My local bees are annual swarmers regardless of room or added empty supers.
 #5518  by AndrewLD
 17 Jan 2020, 15:01
Patrick wrote:
17 Jan 2020, 11:31
Its a tricky one on how much is enough and how much is too much to ensure they cap full supers- it depends on the colony size, local nectar availability and the prevailing weather as just three factors. ........... I don't expect swarming after end June, so am okay with supers being a bit crowded in July before final extraction. Don't always get it right obviously.
A 1950's author Kenneth Clarke went to great lengths to explain his theory on just getting the bees to a point in June when they wouldn't think it worth swarming and I do the same - not worry too much after the end of June.
But I do have another reason for leaving on a super. I find the bees much nicer to live with if they have a super to play with and I never like to leave them short as some appear to do judging by the e-mails from the NBU in August....
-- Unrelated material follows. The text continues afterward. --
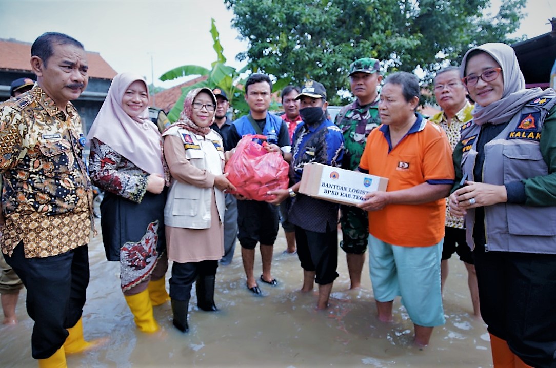 Slawi – Sebanyak 2.794 warga di tujuh desa terdampak banjir pasca hujan lebat yang mengguyur wilayah Kabupaten Tegal pada Rabu (04/01/2023) petang hingga malam. Mendapat kabar kejadian bencana ini, Bupati Tegal Umi Azizah didampingi Kepala Pelaksana Badan Penanggulangan Bencana Daerah (BPBD) Kabupaten Tegal Elliya Hidayah dan Pelaksana Tugas Kepala Dinas Sosial Kabupaten Tegal Nurhayati salurkan bantuan lewat balai desa setempat, Kamis, (05/01/2023) pagi.
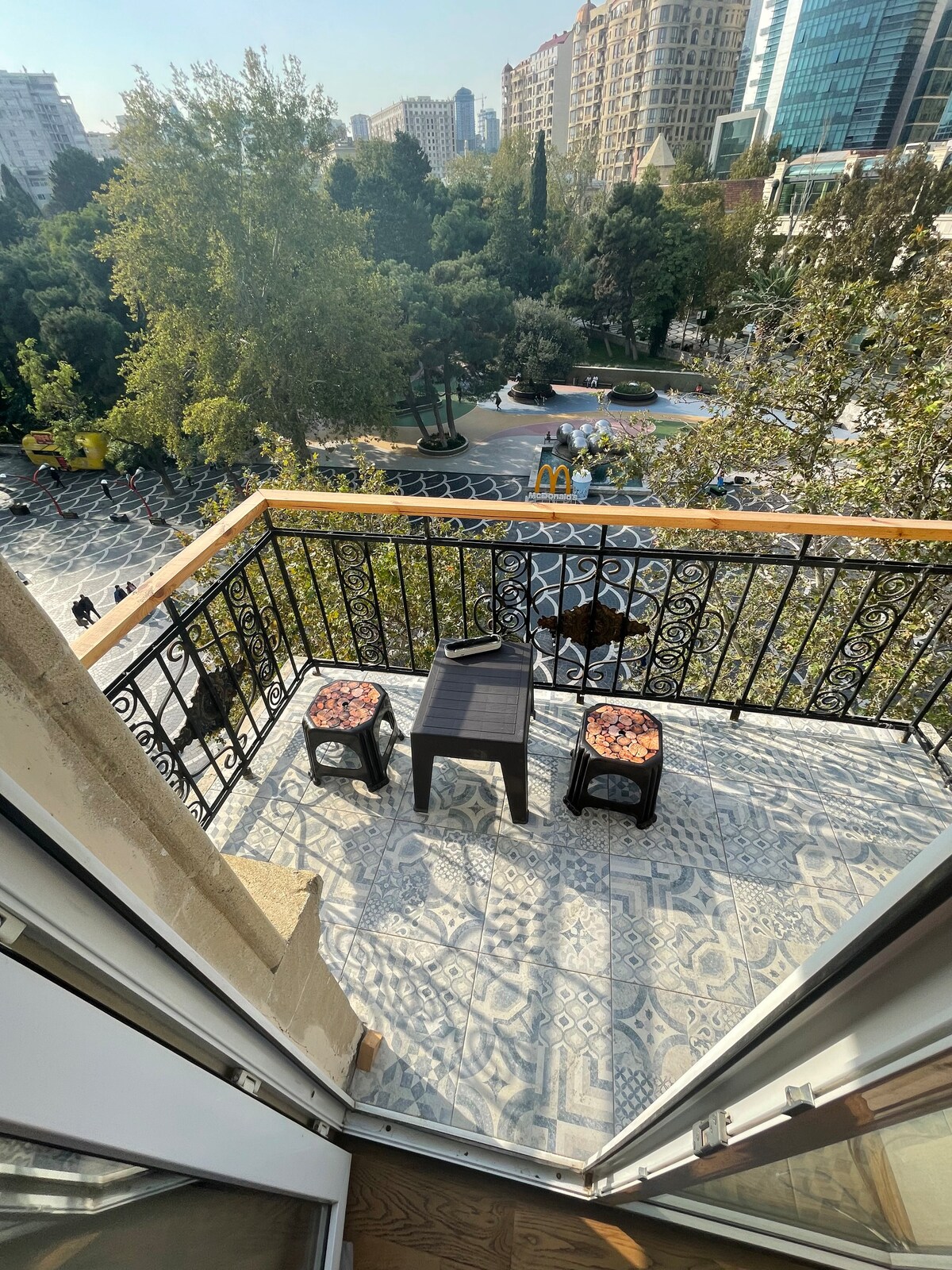 Central Flat na may Balkonahe (1 minuto papunta sa kalye ng Nizami)

When the hives are in your garden it's important that we all get along with each other.
 #5519  by AdamD
 17 Jan 2020, 17:06
I agree that it's difficult to know when a colony is going to go unless there are well-developed queencells by which time it can often be too late as it's a matter of "I've started so I'll finish" whatever the pesky beekeeper does unless it's really drastic.

I'll have to read my Snelgrove book. I have the book and I have the board, but never used it for the purpose.

I have read in some of the older book about the desirability of having hanging space under the brood frames to reduce congestion although it's not something that's mentioned much nowadays.